• WHAT TO DO
Repeat the span of the entries below that starts at the line with "奥吉没有上过学,他的所有文化" and ends at the line with "Oeuvre d art", nothing more. Skip the pictures.

• DATASET EXCERPTS
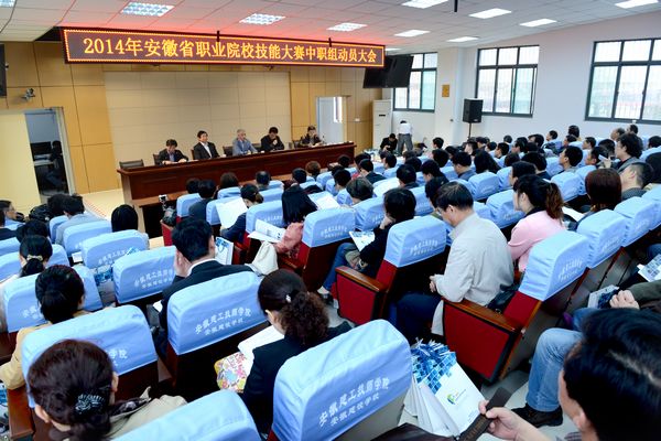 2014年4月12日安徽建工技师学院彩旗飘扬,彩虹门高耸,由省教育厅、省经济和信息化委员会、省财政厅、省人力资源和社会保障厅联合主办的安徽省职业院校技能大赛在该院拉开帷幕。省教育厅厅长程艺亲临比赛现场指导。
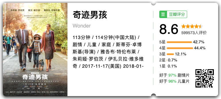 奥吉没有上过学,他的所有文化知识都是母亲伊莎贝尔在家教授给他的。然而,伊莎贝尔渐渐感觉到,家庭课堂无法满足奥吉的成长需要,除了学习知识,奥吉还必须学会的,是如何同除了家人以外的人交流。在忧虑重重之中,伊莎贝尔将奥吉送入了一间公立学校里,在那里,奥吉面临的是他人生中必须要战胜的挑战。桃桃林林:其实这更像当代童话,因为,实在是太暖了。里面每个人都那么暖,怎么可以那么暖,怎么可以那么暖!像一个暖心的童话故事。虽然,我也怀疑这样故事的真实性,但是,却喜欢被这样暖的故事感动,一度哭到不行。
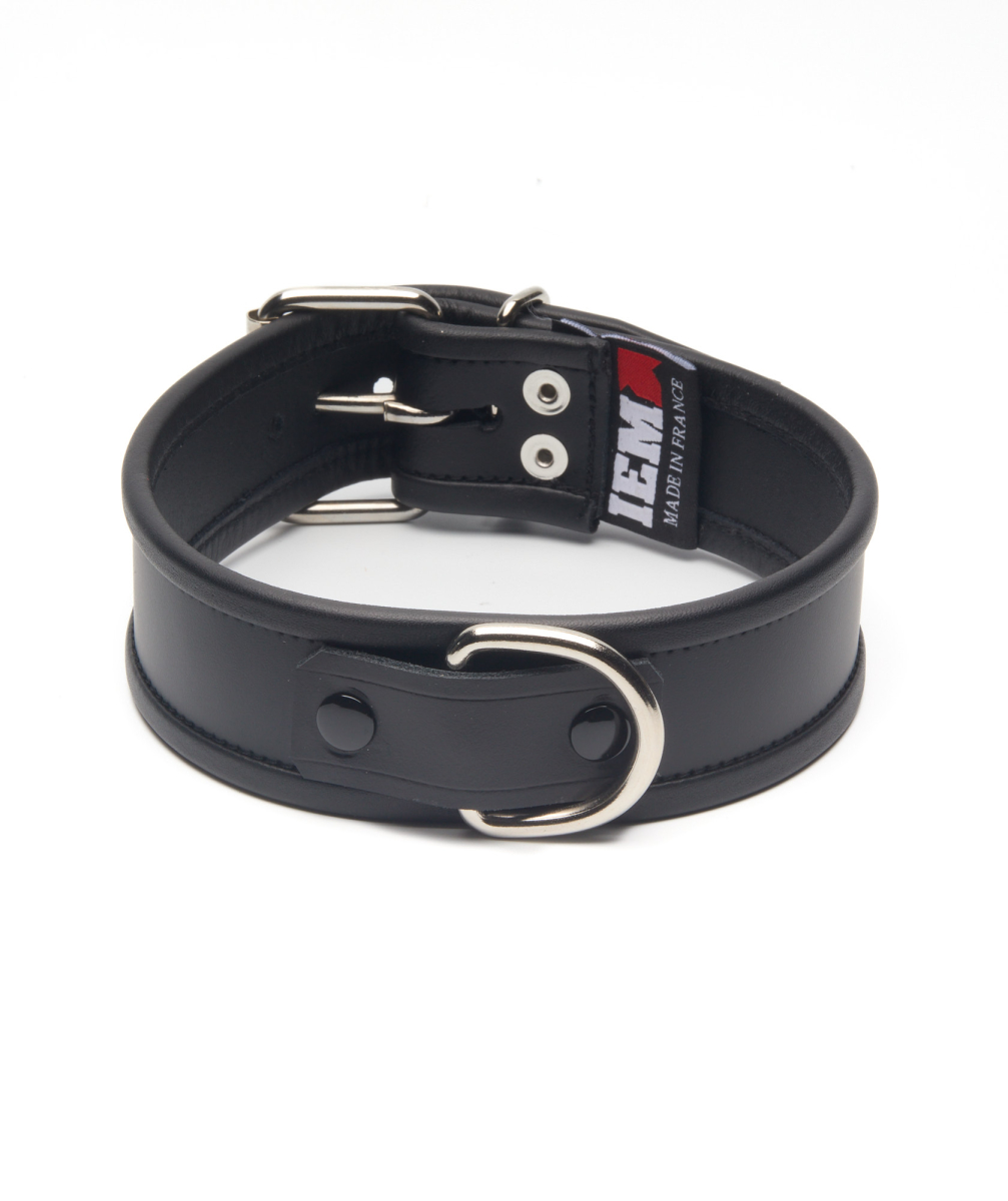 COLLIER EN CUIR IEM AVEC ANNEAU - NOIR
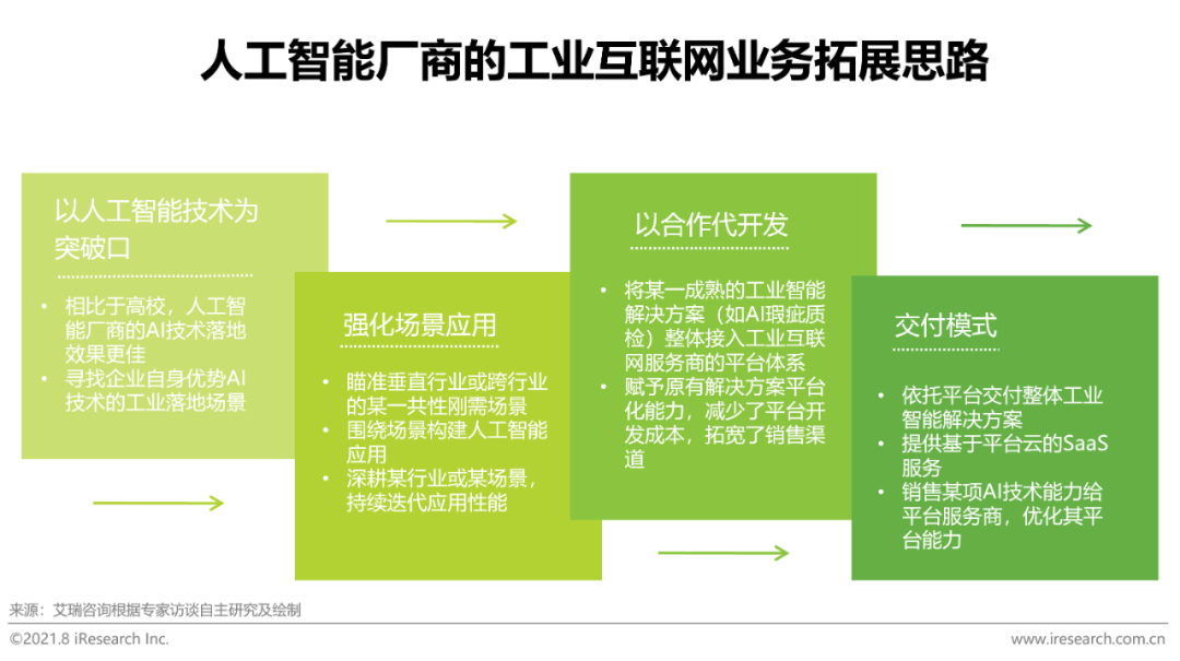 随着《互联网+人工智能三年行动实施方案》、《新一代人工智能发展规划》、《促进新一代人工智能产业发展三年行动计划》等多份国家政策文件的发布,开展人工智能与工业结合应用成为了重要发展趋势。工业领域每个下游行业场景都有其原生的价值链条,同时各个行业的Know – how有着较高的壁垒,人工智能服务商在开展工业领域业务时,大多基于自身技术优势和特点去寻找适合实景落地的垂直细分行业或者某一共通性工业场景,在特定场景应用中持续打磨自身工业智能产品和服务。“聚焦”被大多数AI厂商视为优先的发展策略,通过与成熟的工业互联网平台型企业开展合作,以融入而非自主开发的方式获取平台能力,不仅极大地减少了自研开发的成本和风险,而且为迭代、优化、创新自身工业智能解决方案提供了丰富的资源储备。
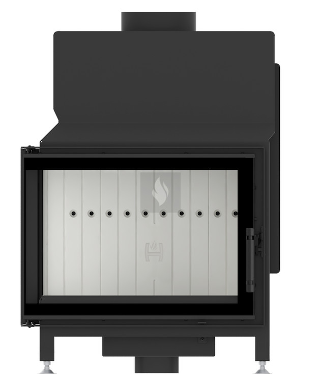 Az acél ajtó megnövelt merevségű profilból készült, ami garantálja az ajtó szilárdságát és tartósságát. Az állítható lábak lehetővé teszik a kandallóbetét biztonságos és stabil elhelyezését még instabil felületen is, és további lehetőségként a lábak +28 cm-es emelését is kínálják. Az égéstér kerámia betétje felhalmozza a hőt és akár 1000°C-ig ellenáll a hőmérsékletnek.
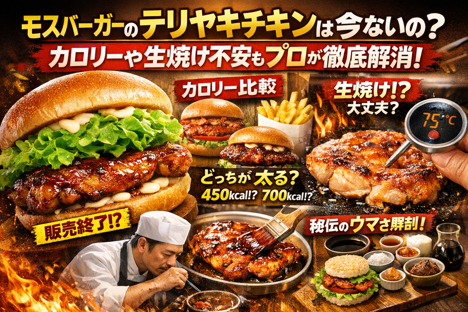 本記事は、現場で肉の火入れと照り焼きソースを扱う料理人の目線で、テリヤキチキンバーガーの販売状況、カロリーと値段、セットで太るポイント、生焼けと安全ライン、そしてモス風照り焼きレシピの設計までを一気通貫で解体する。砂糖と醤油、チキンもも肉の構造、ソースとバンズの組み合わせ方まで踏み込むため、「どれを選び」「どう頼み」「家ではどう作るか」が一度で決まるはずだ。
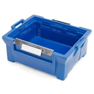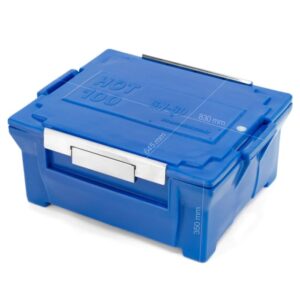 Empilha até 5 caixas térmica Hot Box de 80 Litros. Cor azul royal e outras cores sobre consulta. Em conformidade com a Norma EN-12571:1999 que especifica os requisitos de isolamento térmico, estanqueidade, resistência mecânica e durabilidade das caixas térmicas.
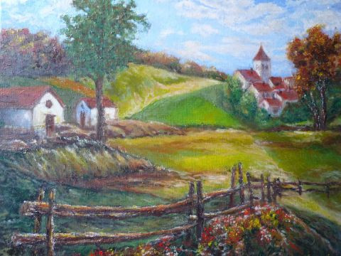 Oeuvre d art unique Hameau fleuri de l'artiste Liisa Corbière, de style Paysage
--
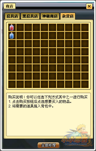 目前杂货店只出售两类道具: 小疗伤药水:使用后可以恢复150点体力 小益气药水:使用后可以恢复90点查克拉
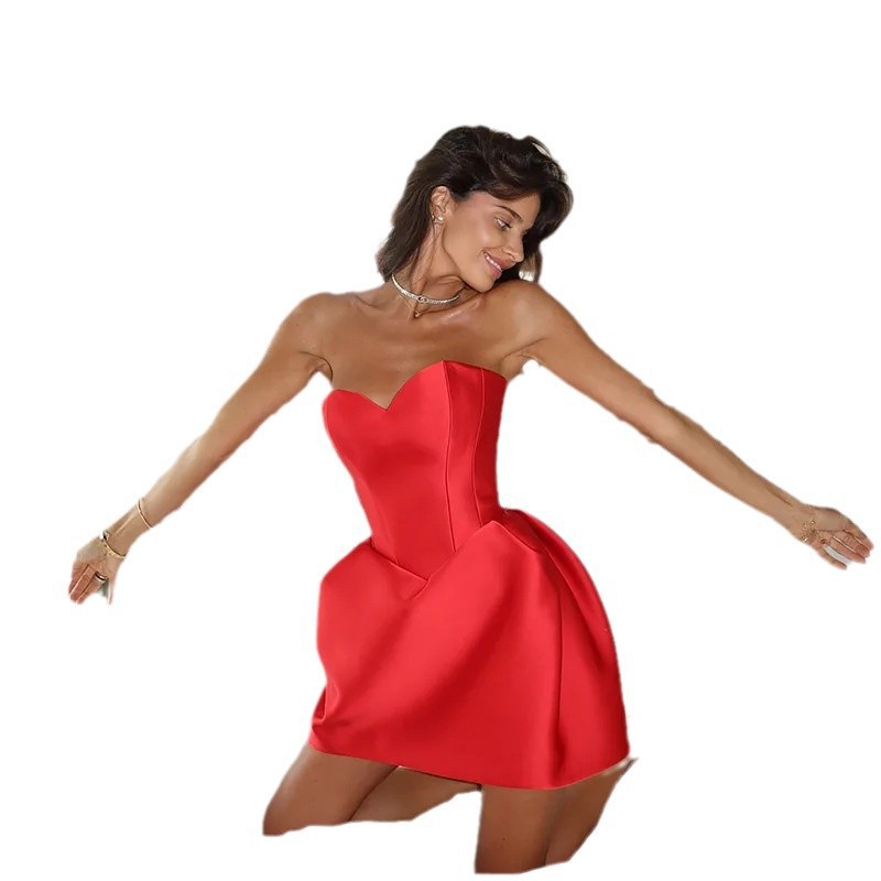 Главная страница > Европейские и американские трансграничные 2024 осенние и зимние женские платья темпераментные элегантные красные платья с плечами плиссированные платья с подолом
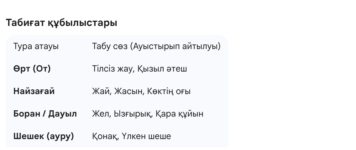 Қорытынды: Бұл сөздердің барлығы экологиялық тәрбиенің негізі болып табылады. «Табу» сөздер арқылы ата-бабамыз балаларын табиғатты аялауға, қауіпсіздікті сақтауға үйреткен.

• OUTPUT BELOW
 奥吉没有上过学,他的所有文化知识都是母亲伊莎贝尔在家教授给他的。然而,伊莎贝尔渐渐感觉到,家庭课堂无法满足奥吉的成长需要,除了学习知识,奥吉还必须学会的,是如何同除了家人以外的人交流。在忧虑重重之中,伊莎贝尔将奥吉送入了一间公立学校里,在那里,奥吉面临的是他人生中必须要战胜的挑战。桃桃林林:其实这更像当代童话,因为,实在是太暖了。里面每个人都那么暖,怎么可以那么暖,怎么可以那么暖!像一个暖心的童话故事。虽然,我也怀疑这样故事的真实性,但是,却喜欢被这样暖的故事感动,一度哭到不行。
 COLLIER EN CUIR IEM AVEC ANNEAU - NOIR
 随着《互联网+人工智能三年行动实施方案》、《新一代人工智能发展规划》、《促进新一代人工智能产业发展三年行动计划》等多份国家政策文件的发布,开展人工智能与工业结合应用成为了重要发展趋势。工业领域每个下游行业场景都有其原生的价值链条,同时各个行业的Know – how有着较高的壁垒,人工智能服务商在开展工业领域业务时,大多基于自身技术优势和特点去寻找适合实景落地的垂直细分行业或者某一共通性工业场景,在特定场景应用中持续打磨自身工业智能产品和服务。“聚焦”被大多数AI厂商视为优先的发展策略,通过与成熟的工业互联网平台型企业开展合作,以融入而非自主开发的方式获取平台能力,不仅极大地减少了自研开发的成本和风险,而且为迭代、优化、创新自身工业智能解决方案提供了丰富的资源储备。
 Az acél ajtó megnövelt merevségű profilból készült, ami garantálja az ajtó szilárdságát és tartósságát. Az állítható lábak lehetővé teszik a kandallóbetét biztonságos és stabil elhelyezését még instabil felületen is, és további lehetőségként a lábak +28 cm-es emelését is kínálják. Az égéstér kerámia betétje felhalmozza a hőt és akár 1000°C-ig ellenáll a hőmérsékletnek.
 本記事は、現場で肉の火入れと照り焼きソースを扱う料理人の目線で、テリヤキチキンバーガーの販売状況、カロリーと値段、セットで太るポイント、生焼けと安全ライン、そしてモス風照り焼きレシピの設計までを一気通貫で解体する。砂糖と醤油、チキンもも肉の構造、ソースとバンズの組み合わせ方まで踏み込むため、「どれを選び」「どう頼み」「家ではどう作るか」が一度で決まるはずだ。
 Empilha até 5 caixas térmica Hot Box de 80 Litros. Cor azul royal e outras cores sobre consulta. Em conformidade com a Norma EN-12571:1999 que especifica os requisitos de isolamento térmico, estanqueidade, resistência mecânica e durabilidade das caixas térmicas.
 Oeuvre d art unique Hameau fleuri de l'artiste Liisa Corbière, de style Paysage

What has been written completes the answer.